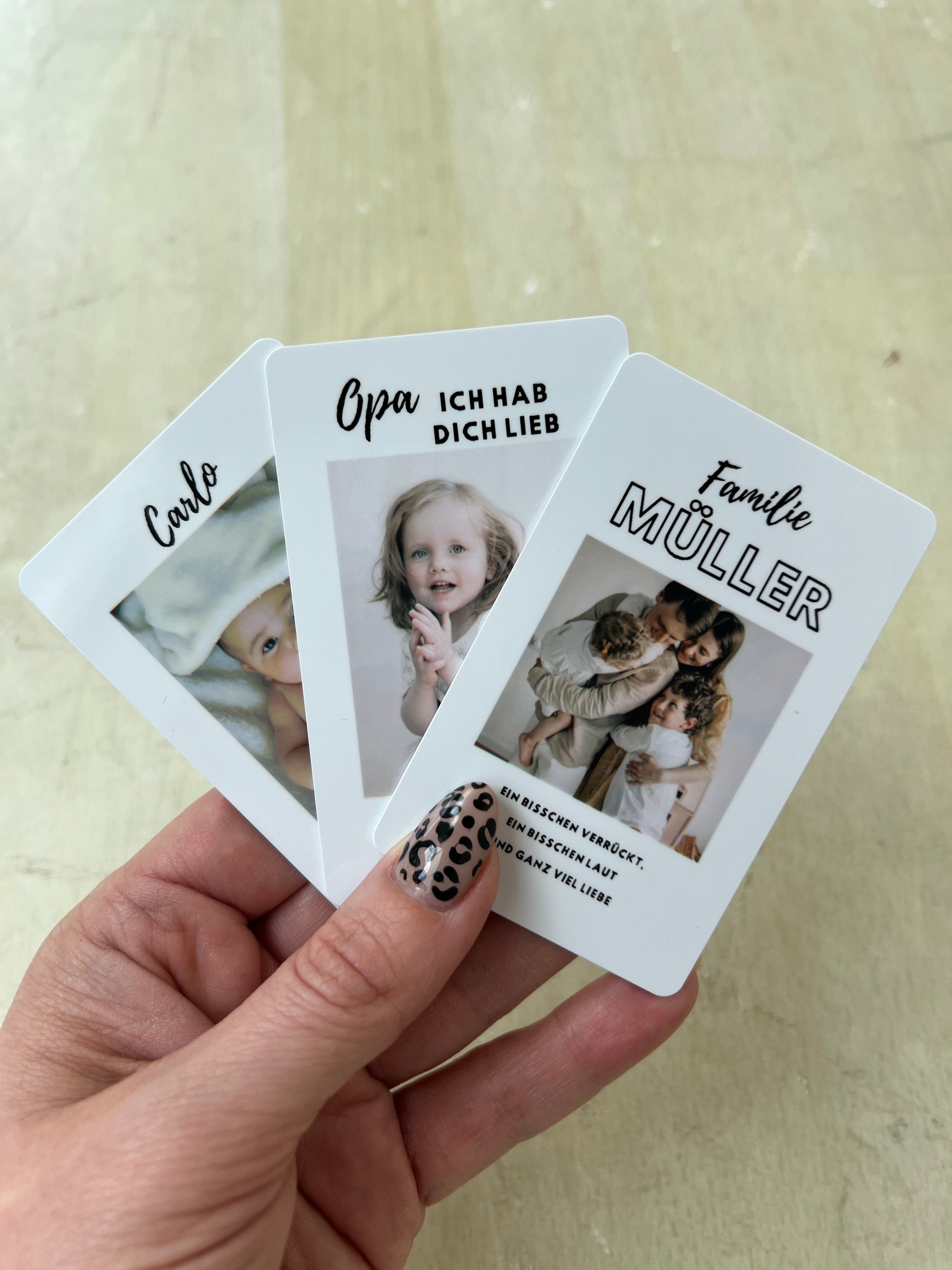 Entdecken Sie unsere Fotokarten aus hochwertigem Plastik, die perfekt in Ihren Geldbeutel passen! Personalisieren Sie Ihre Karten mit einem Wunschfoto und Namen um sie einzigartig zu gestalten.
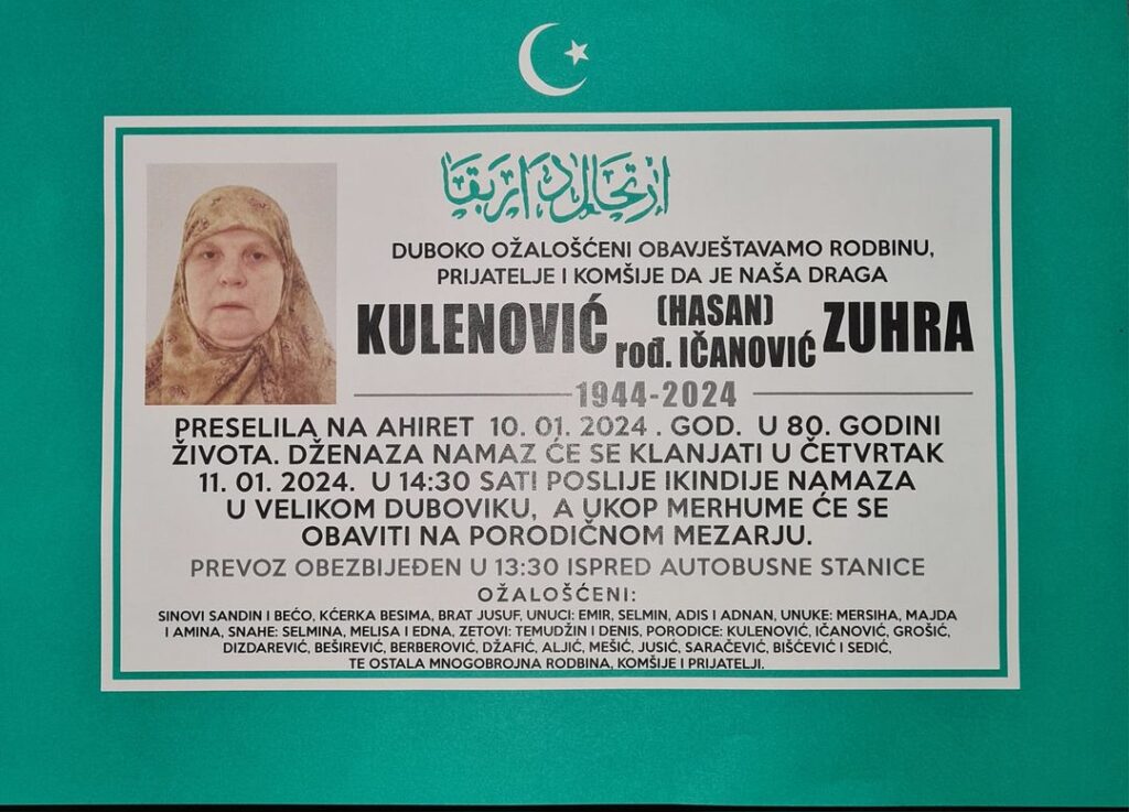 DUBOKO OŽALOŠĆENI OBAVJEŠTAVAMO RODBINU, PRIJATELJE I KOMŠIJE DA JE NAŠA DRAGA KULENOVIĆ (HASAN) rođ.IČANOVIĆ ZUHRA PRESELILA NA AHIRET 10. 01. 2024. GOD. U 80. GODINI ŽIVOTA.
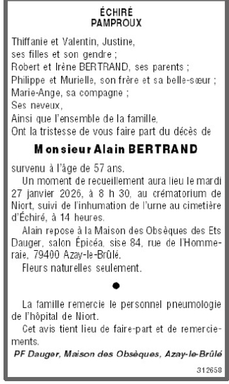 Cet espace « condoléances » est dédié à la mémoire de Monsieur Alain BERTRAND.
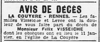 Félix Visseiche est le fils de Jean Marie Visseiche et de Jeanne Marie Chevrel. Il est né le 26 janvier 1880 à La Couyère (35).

■ TASK INSTRUCTIONS: Output everything in the material exactly. Pictures stay out of it.

■ ANSWER TO THIS TASK:
 Entdecken Sie unsere Fotokarten aus hochwertigem Plastik, die perfekt in Ihren Geldbeutel passen! Personalisieren Sie Ihre Karten mit einem Wunschfoto und Namen um sie einzigartig zu gestalten.
 DUBOKO OŽALOŠĆENI OBAVJEŠTAVAMO RODBINU, PRIJATELJE I KOMŠIJE DA JE NAŠA DRAGA KULENOVIĆ (HASAN) rođ.IČANOVIĆ ZUHRA PRESELILA NA AHIRET 10. 01. 2024. GOD. U 80. GODINI ŽIVOTA.
 Cet espace « condoléances » est dédié à la mémoire de Monsieur Alain BERTRAND.
 Félix Visseiche est le fils de Jean Marie Visseiche et de Jeanne Marie Chevrel. Il est né le 26 janvier 1880 à La Couyère (35).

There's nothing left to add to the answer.